Use Ray Data for data loading. The code has three interesting parts.
First, load two datasets using ray.data.read_images()
:
instance_dataset = read_images(args.instance_images_dir)
class_dataset = read_images(args.class_images_dir)
Then, tokenize the prompt that generated these images:
tokenizer = AutoTokenizer.from_pretrained(
pretrained_model_name_or_path=args.model_dir,
subfolder="tokenizer",
)
def _tokenize(prompt):
return tokenizer(
prompt,
truncation=True,
padding="max_length",
max_length=tokenizer.model_max_length,
return_tensors="pt",
).input_ids.numpy()
# Get the token ids for both prompts.
class_prompt_ids = _tokenize(args.class_prompt)[0]
instance_prompt_ids = _tokenize(args.instance_prompt)[0]
And lastly, apply a torchvision
preprocessing pipeline to the images:
transform = transforms.Compose(
[
transforms.ToTensor(),
transforms.Resize(
image_resolution,
interpolation=transforms.InterpolationMode.BILINEAR,
antialias=True,
),
transforms.RandomCrop(image_resolution),
transforms.Normalize([0.5], [0.5]),
]
)
def transform_image(
batch: Dict[str, np.ndarray], output_column_name: str
) -> Dict[str, np.ndarray]:
transformed_tensors = [transform(image).numpy() for image in batch["image"]]
batch[output_column_name] = transformed_tensors
return batch
Apply all three parts in a final step:
# For each dataset:
# - perform image preprocessing
# - drop the original image column
# - add a new column with the tokenized prompts
instance_dataset = (
instance_dataset.map_batches(
transform_image, fn_kwargs={"output_column_name": "instance_image"}
)
.drop_columns(["image"])
.add_column("instance_prompt_ids", lambda df: [instance_prompt_ids] * len(df))
)
Distributed training#
Note
Find the latest version of the code at train.py
The latest version might differ slightly from the code presented here.
The central part of the training code is the training function. This function accepts a configuration dict that contains the hyperparameters. It then defines a regular PyTorch training loop.
You interact with the Ray Train API in only a few locations, which follow in-line comments in the snippet below.
Remember that you want to do data-parallel training for all the models.
Load the data shard for each worker with
session.get_dataset_shard("train")`
Iterate over the dataset with
train_dataset.iter_torch_batches()`
Report results to Ray Train with
session.report(results)`
The code is compacted for brevity. The full code is more thoroughly annotated.
def train_fn(config):
# Load pre-trained models.
(
text_encoder,
noise_scheduler,
vae,
unet,
unet_trainable_parameters,
text_trainable_parameters,
) = load_models(config)
text_encoder = train.torch.prepare_model(text_encoder)
unet = train.torch.prepare_model(unet)
# manually move to device as `prepare_model` can't be used on
# non-training models.
vae = vae.to(train.torch.get_device())
# Use the regular AdamW optimizer to work with bfloat16 weights.

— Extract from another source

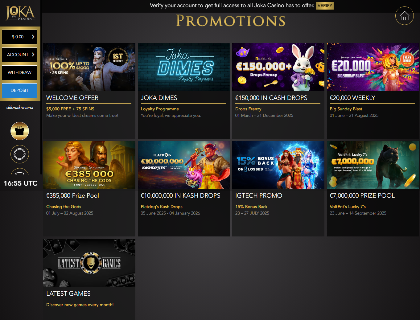 Account verification at JokaRoom Casino involves standard KYC procedure, including identity verification, address confirmation, and payment method verification. The process is streamlined for cryptocurrency users while maintaining security and compliance standards.

optimizer = torch.optim.AdamW(
itertools.chain(unet_trainable_parameters, text_trainable_parameters),
lr=config["lr"],
)
train_dataset = train.get_dataset_shard("train")
# Train!
num_train_epochs = config["num_epochs"]
print(f"Running {num_train_epochs} epochs.")
global_step = 0
for _ in range(num_train_epochs):
if global_step >= config["max_train_steps"]:
print(f"Stopping training after reaching {global_step} steps...")
break
for _, batch in enumerate(
train_dataset.iter_torch_batches(
batch_size=config["train_batch_size"],
device=train.torch.get_device(),
)
):
batch = collate(batch, torch.bfloat16)
optimizer.zero_grad()
# Convert images to latent space
latents = vae.encode(batch["images"]).latent_dist.sample() * 0.18215
# Sample noise that we'll add to the latents
noise = torch.randn_like(latents)
bsz = latents.shape[0]
# Sample a random timestep for each image
timesteps = torch.randint(
0,
noise_scheduler.config.num_train_timesteps,
(bsz,),
device=latents.device,
)
timesteps = timesteps.long()
# Add noise to the latents according to the noise magnitude at each timestep
# (this is the forward diffusion process)
noisy_latents = noise_scheduler.add_noise(latents, noise, timesteps)

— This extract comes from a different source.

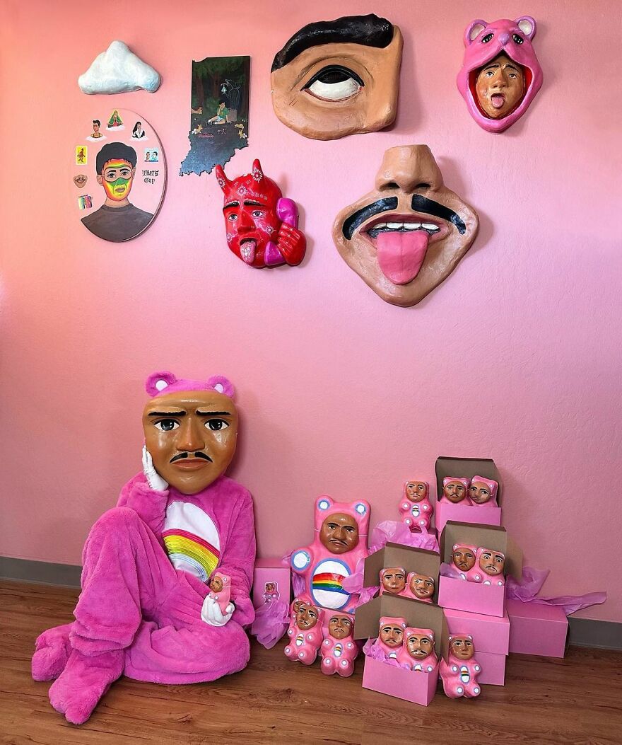San Francisco-based artist Joel Hernandez admits that he also was hiding under several masks when growing up, due to being gay and both Mexican and American. Making masks for Joel feels as if he is unburdening himself and taking them off of his own body.
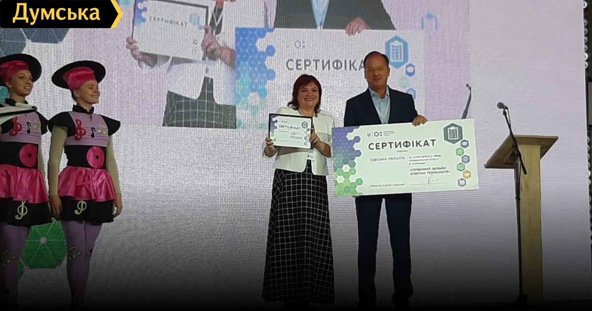 Награду за достижения в сфере внешкольного образования в номинации «Сервисный дизайн образовательных технологий» в рамках форума МОН «Внешкольное образование без барьеров. Модель будущего» получили директор центра Людмила Прокопенко и заместитель председателя Одесского облсовета Олег Радковский.

# Get the text embedding for conditioning
encoder_hidden_states = text_encoder(batch["prompt_ids"])[0]
# Predict the noise residual.
model_pred = unet(
noisy_latents.to(train.torch.get_device()),
timesteps.to(train.torch.get_device()),
encoder_hidden_states.to(train.torch.get_device()),
).sample
target = get_target(noise_scheduler, noise, latents, timesteps)
loss = prior_preserving_loss(
model_pred, target, config["prior_loss_weight"]
)
loss.backward()
# Gradient clipping before optimizer stepping.
clip_grad_norm_(
itertools.chain(unet_trainable_parameters, text_trainable_parameters),
config["max_grad_norm"],
)
optimizer.step() # Step all optimizers.
global_step += 1
results = {
"step": global_step,
"loss": loss.detach().item(),
}
train.report(results)
if global_step >= config["max_train_steps"]:
break
You can then run this training function with Ray Train’s TorchTrainer:
args = train_arguments().parse_args()
# Build training dataset.
train_dataset = get_train_dataset(args)
print(f"Loaded training dataset (size: {train_dataset.count()})")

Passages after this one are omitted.